Thanks for making the updates reflected in the current PR. It would be great to 
see the doc updated before it is finally published though.

Right now it feels like this SPIP is focused more on getting the basics right 
for what many datasources are already doing in API V1 combined with other 
private APIs, vs pushing forward state of the art for performance.

I think that’s the right approach for this SPIP. We can add the support you’re 
talking about later with a more specific plan that doesn’t block fixing the 
problems that this addresses.
​

On Thu, Sep 7, 2017 at 2:00 AM, Herman van Hövell tot Westerflier 
<hvanhov...@databricks.com<mailto:hvanhov...@databricks.com>> wrote:
+1 (binding)

I personally believe that there is quite a big difference between having a 
generic data source interface with a low surface area and pushing down a 
significant part of query processing into a datasource. The later has much 
wider wider surface area and will require us to stabilize most of the internal 
catalyst API's which will be a significant burden on the community to maintain 
and has the potential to slow development velocity significantly. If you want 
to write such integrations then you should be prepared to work with catalyst 
internals and own up to the fact that things might change across minor versions 
(and in some cases even maintenance releases). If you are willing to go down 
that road, then your best bet is to use the already existing spark session 
extensions which will allow you to write such integrations and can be used as 
an `escape hatch`.


On Thu, Sep 7, 2017 at 10:23 AM, Andrew Ash 
<and...@andrewash.com<mailto:and...@andrewash.com>> wrote:
+0 (non-binding)

I think there are benefits to unifying all the Spark-internal datasources into 
a common public API for sure.  It will serve as a forcing function to ensure 
that those internal datasources aren't advantaged vs datasources developed 
externally as plugins to Spark, and that all Spark features are available to 
all datasources.

But I also think this read-path proposal avoids the more difficult questions 
around how to continue pushing datasource performance forwards.  James Baker 
(my colleague) had a number of questions about advanced pushdowns (combined 
sorting and filtering), and Reynold also noted that pushdown of aggregates and 
joins are desirable on longer timeframes as well.  The Spark community saw 
similar requests, for aggregate pushdown in SPARK-12686, join pushdown in 
SPARK-20259, and arbitrary plan pushdown in SPARK-12449.  Clearly a number of 
people are interested in this kind of performance work for datasources.

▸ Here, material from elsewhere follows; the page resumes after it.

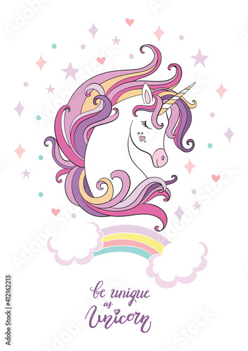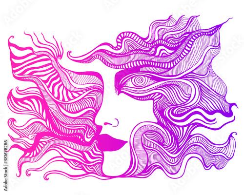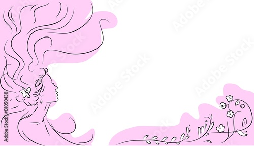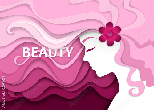 Beautiful girl with long wavy hair. Vector illustration in modern paper art style. Beauty and hair salon logo, business card design template.

To leave enough space for datasource developers to continue experimenting with 
advanced interactions between Spark and their datasources, I'd propose we leave 
some sort of escape valve that enables these datasources to keep pushing the 
boundaries without forking Spark.  Possibly that looks like an additional 
unsupported/unstable interface that pushes down an entire (unstable API) 
logical plan, which is expected to break API on every release.   (Spark 
attempts this full-plan pushdown, and if that fails Spark ignores it and 
continues on with the rest of the V2 API for compatibility).  Or maybe it looks 
like something else that we don't know of yet.  Possibly this falls outside of 
the desired goals for the V2 API and instead should be a separate SPIP.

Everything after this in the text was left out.